▶ **Recorded information**
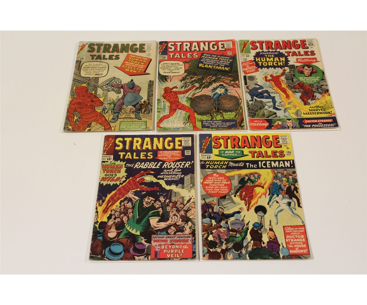 STRANGE TALES #111, 113, 118, 119 & 120 (1963-64) 5 SILVER AGE CLASSICS. #111 - 2ND APP. DR. STRANGE LOWER MID TO MID GRADE AVERAGE, GLOSSY, TIGHT & SUPPLE. VERY NICE BOOKS!
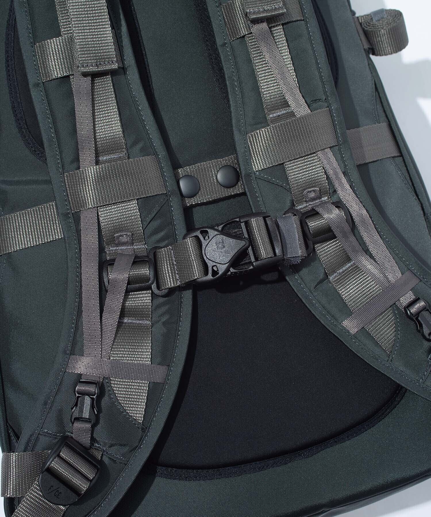 1泊2日用の旅を想定し設計された33Lのデイパックです。Cordura初の100% リサイクルナイロンテキスタイル、Cordura_ re/cor使用しています。
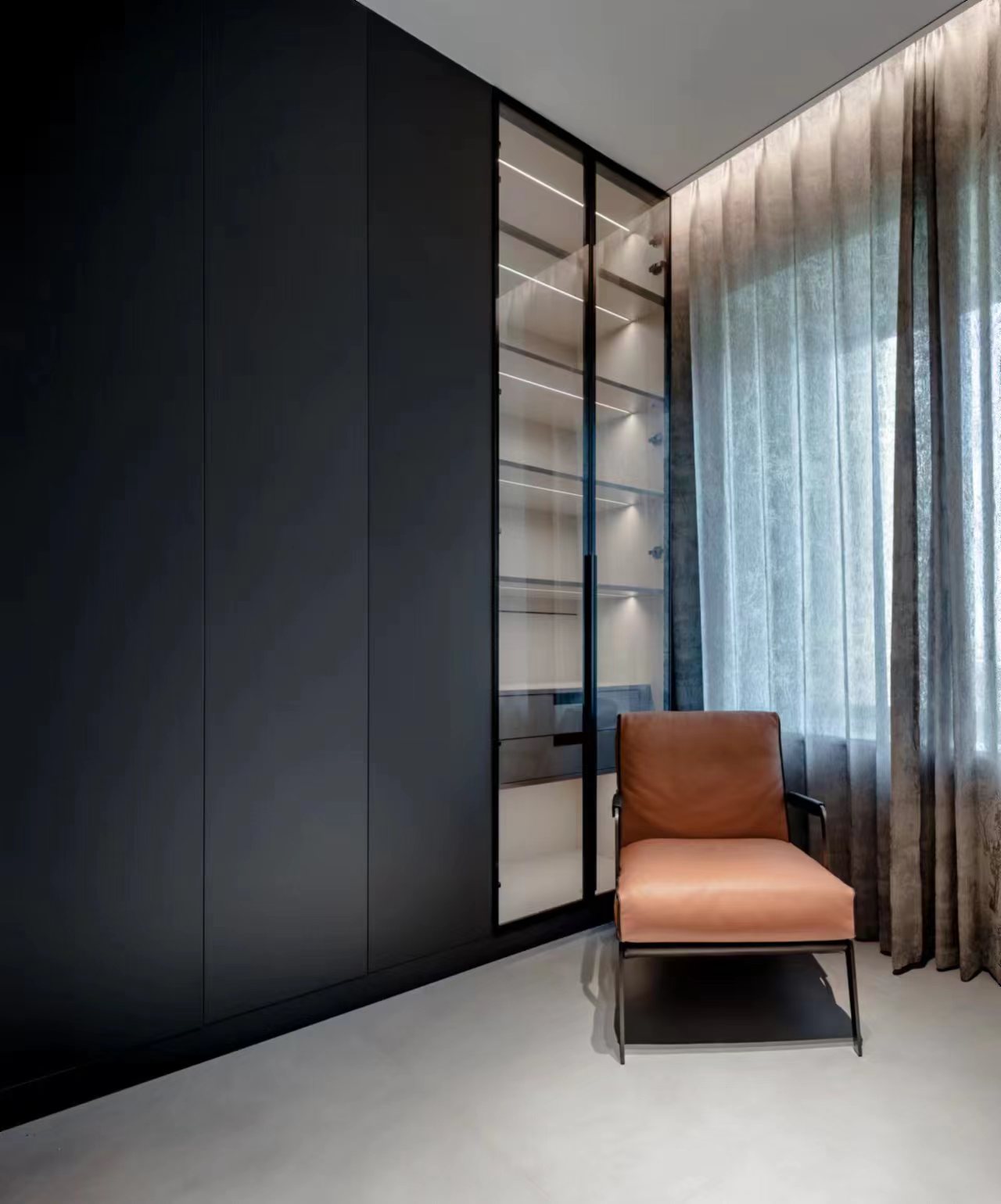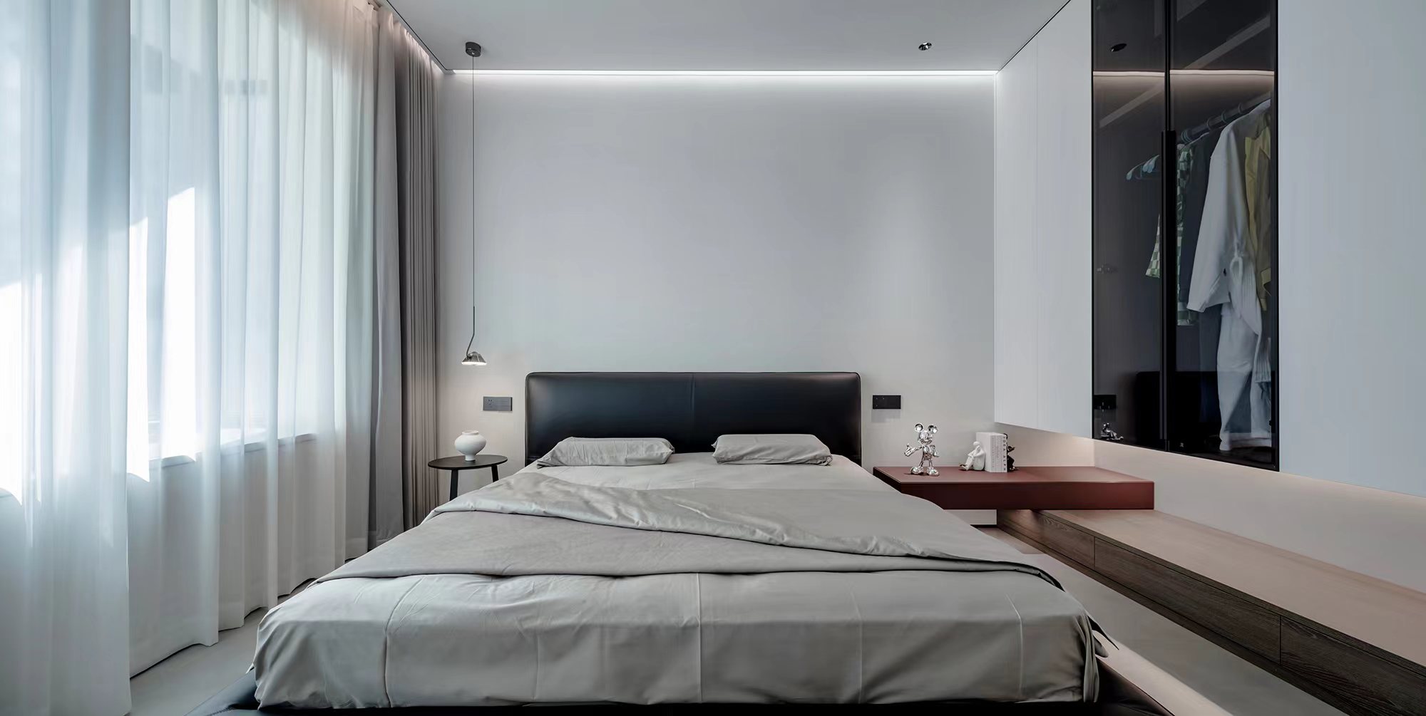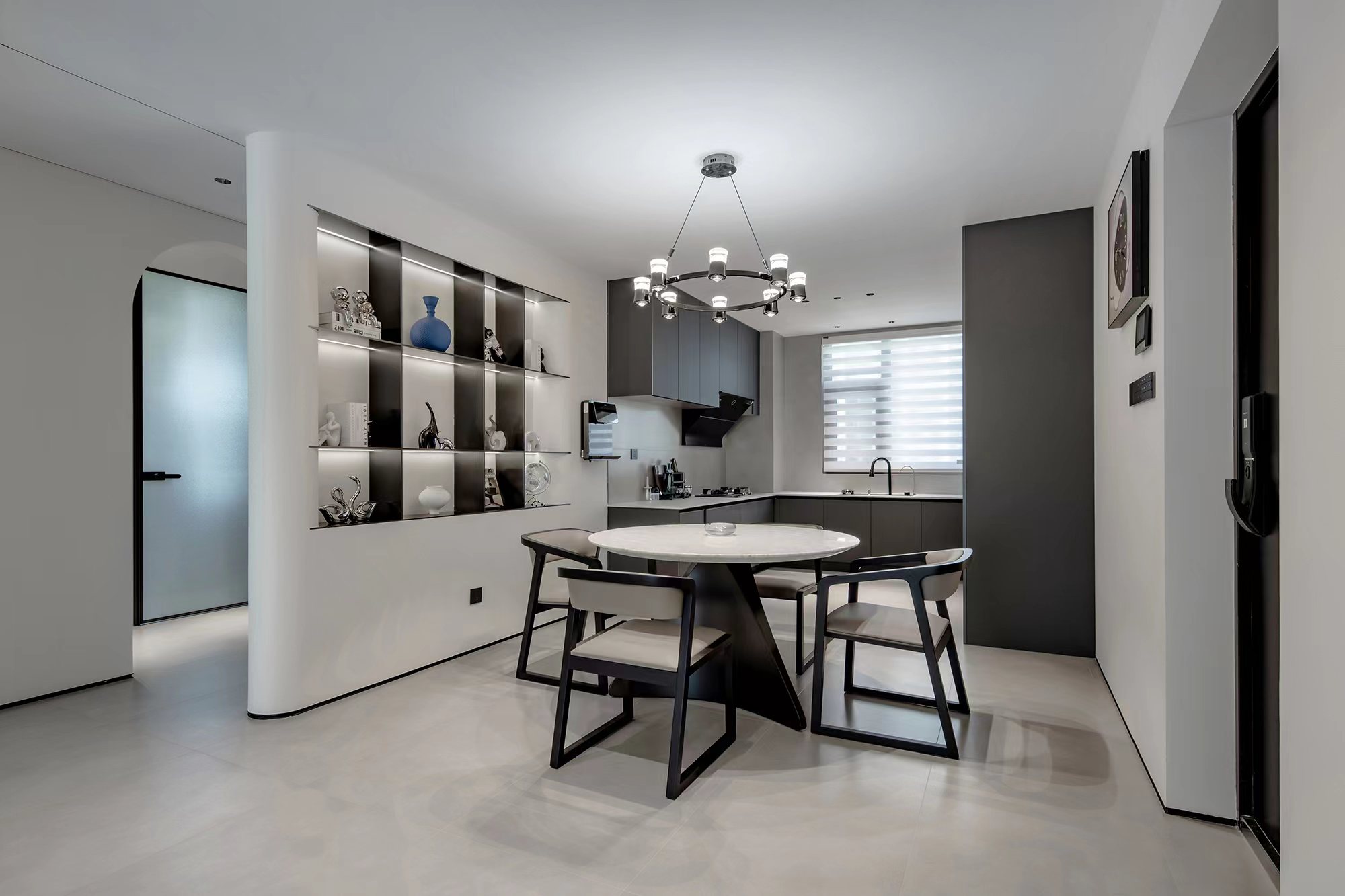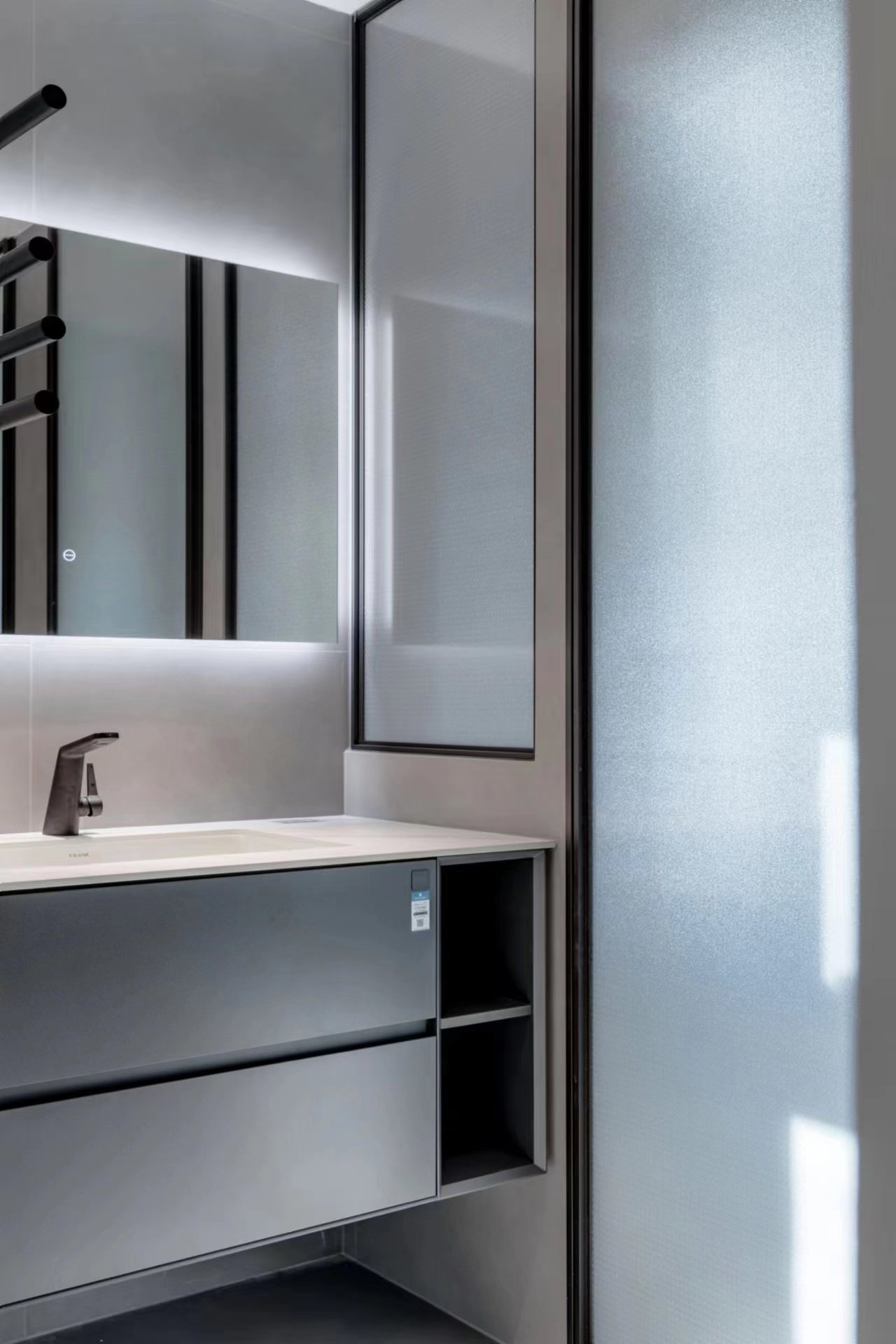 空间布局:我们从业主需求出发,应用曲面弧线减弱空间的压迫感,通过改造扩大空间利用率,增加储物空间,在定制及家具我们都做了系统性设计,达到空间干净,储物大,又不失简约的美感

▶ **Instructions for the task**
Your copy should match the material above exactly, minus its pictures.

▶ **Task output**
 STRANGE TALES #111, 113, 118, 119 & 120 (1963-64) 5 SILVER AGE CLASSICS. #111 - 2ND APP. DR. STRANGE LOWER MID TO MID GRADE AVERAGE, GLOSSY, TIGHT & SUPPLE. VERY NICE BOOKS!
 1泊2日用の旅を想定し設計された33Lのデイパックです。Cordura初の100% リサイクルナイロンテキスタイル、Cordura_ re/cor使用しています。
 空间布局:我们从业主需求出发,应用曲面弧线减弱空间的压迫感,通过改造扩大空间利用率,增加储物空间,在定制及家具我们都做了系统性设计,达到空间干净,储物大,又不失简约的美感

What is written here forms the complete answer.